--- DATA EXTRACT ---
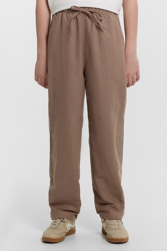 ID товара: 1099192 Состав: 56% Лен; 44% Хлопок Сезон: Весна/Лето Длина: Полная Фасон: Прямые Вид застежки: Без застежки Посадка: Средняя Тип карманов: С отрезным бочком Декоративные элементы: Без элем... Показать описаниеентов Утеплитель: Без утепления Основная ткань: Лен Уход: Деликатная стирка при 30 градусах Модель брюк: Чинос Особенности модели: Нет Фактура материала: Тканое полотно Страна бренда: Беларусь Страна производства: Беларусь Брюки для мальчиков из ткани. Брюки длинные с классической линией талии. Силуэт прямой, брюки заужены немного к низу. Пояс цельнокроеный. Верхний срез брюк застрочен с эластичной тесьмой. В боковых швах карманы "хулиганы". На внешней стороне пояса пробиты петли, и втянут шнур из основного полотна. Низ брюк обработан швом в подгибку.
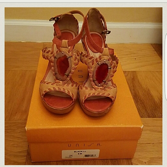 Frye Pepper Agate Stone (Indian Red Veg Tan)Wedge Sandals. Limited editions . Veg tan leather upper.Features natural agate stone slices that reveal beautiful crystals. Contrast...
---
--- DATA EXTRACT ---
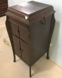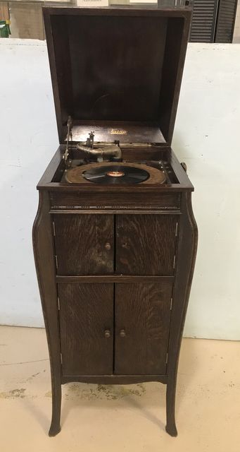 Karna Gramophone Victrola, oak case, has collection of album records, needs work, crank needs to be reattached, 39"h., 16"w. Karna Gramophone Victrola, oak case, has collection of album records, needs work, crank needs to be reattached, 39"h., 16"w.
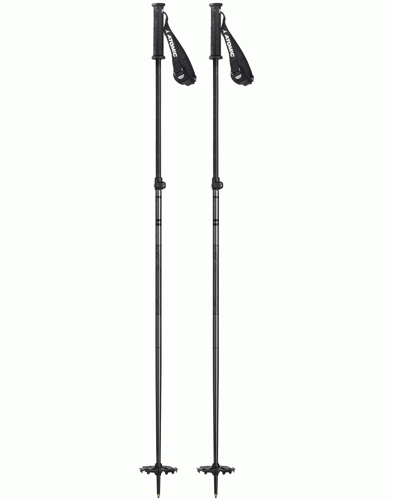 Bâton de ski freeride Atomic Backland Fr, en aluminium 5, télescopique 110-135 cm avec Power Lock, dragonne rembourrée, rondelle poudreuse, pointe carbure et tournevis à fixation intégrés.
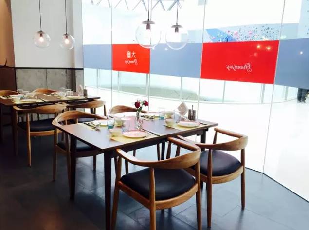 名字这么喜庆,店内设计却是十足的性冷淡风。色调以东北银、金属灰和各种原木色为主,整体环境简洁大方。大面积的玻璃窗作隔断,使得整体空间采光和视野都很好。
---
→ **WHAT IS NEEDED**:
The lines to set down run from the line with "Bâton de ski" up to and including the line with "名字这么喜庆,店内设计却是十" in the entries above. Reproduce them exactly, with no pictures.

→ **ANSWER TO THIS TASK**:
 Bâton de ski freeride Atomic Backland Fr, en aluminium 5, télescopique 110-135 cm avec Power Lock, dragonne rembourrée, rondelle poudreuse, pointe carbure et tournevis à fixation intégrés.
 名字这么喜庆,店内设计却是十足的性冷淡风。色调以东北银、金属灰和各种原木色为主,整体环境简洁大方。大面积的玻璃窗作隔断,使得整体空间采光和视野都很好。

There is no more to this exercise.